Ihre menschlichen Gäste können in drei gemütlichen Heu-Schlafstuben übernachten, abends am Lagerfeuer grillen und Natur pur genießen. Alles ist erlaubt, „nur keine Handys. Die Gäste sollen wirklich zur Ruhe kommen“, sagt Martina Theurer. Ihr ältester Gast war 82 Jahre alt, der jüngste zwei Monate. Ihre nicht ganz alltägliche Unterkunft sei für alle geeignet, „allerdings sollte man keine Angst vor Hunden oder anderen Tieren haben“, sagt sie. Denn Vierbeiner und Federvieh gehören genauso zum Heuhotel dazu wie die Menschen.

Angekettet an der Heizung, nicht geeignet für die Zucht

70 Tiere leben auf dem Gelände, die Kapazität für Großtiere ist inzwischen erschöpft.
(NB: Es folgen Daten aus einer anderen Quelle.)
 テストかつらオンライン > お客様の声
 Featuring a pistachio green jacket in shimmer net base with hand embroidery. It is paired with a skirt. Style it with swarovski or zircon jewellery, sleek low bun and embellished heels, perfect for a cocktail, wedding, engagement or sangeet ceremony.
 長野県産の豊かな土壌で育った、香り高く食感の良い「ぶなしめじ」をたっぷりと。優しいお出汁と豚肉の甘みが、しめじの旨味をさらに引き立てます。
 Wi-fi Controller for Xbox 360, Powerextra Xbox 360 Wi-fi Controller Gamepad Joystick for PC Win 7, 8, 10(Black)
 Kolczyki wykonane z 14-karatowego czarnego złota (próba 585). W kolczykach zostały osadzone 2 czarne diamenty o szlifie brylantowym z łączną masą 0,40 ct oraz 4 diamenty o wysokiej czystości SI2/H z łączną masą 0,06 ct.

Ein jedes hat seine Geschichte mitgebracht. Die Hängebauchschweine waren das Geburtstagsgeschenk für einen 19-Jährigen und wurden an eine Heizung angekettet. Zwei der Esel entsprachen nicht der Idealvorstellung des Züchters und sollten zum Schlachter, zwei der Ziegen knabberten zu sehr an den Bäumen ihrer Besitzer und wurden deswegen abgegeben. „Ich habe alle gleich lieb“, sagt Martina Theurer, die lange Jahre als freiberufliche Altenpflegerin gearbeitet hat. Inzwischen widmet sie ihre ganze Kraft den Tieren. Trotzdem kommt sie gerade so über die Runden. Nur für acht Tiere wurden bisher Patenschaften übernommen, die Nachfrage nach Übernachtungen im Heuhotel könnte auch besser sein und zu tun gibt es immer mehr als genug auf dem Hof.
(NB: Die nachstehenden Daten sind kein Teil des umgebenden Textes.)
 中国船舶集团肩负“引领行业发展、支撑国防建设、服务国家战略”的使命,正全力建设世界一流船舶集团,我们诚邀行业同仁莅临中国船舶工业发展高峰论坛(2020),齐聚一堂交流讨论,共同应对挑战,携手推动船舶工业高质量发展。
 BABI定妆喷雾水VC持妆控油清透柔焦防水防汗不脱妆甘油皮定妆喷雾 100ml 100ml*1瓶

Kostenlose Übernachtung gegen ein paar Stunden Arbeit

Vor einigen Wochen hat sie einen jungen Mann für zwei Nächte bei sich beherbergt, der von Tschechien hierher gewandert ist. „Er hat mir beim Bau eines Vogelgeheges geholfen und hat dafür freie Kost und Logis bekommen“, erzählt sie. Dadurch kam sie auf die Idee, auch anderen – die vielleicht zu wenig Geld für einen Urlaub haben – freie Kost und Logis gegen vier Stunden Arbeit auf dem Gnadenhof anzubieten. Und wer mag, kann auch einfach so zum Helfen kommen. Vielleicht wird er am Tor von Lara begrüßt. Das Schaf hatte als Lamm einen Unfall und war aus Sicht des Tierarztes so gut wie tot. Doch Martina Theurer hat Lara aufgepäppelt. Ihr Schädel ist zwar etwas schief, aber ansonsten geht es Lara gut. „Wenn wir die Tür offen lassen, liegt sie schneller auf dem Sofa, als wir schauen können. Sie ist wie ein Hund“, sagt Martina Theurer und lacht. „Das hier ist mein größtes Glück.“

Übernachten im Heu

Heuhotel Murrquelle
: Bis zu 30 Personen können im Heuhotel Murrquelle übernachten, deswegen sind auch Klassen oder Gruppen willkommen. Das Heuhotel ist von Mai bis einschließlich September geöffnet. Erwachsene zahlen für eine Übernachtung mit Abendessen und Frühstück 30 Euro, Kinder ab drei Jahren 23 Euro. Es gibt auch Platz zum Zelten. Am Wochenende hat die Weinstube geöffnet. Mehr Infos gibt es auf der Homepage.

Heuhotel Schweizerhof
: Im Großerlacher Teilort Mannenweiler betreibt das Ehepaar Nowak seit 2013 ebenfalls ein Heuhotel. Auch hier sind Klassen oder Gruppen willkommen, es gibt Platz für etwa 50 Personen. Ab 15 Personen kostet die Nacht (ob im Heu/Zelt/Wohnmobil) für Erwachsene 15 und für Kinder 10 Euro. Frühstück oder Küchennutzung werden extra berechnet. Mehr Infos im Internet.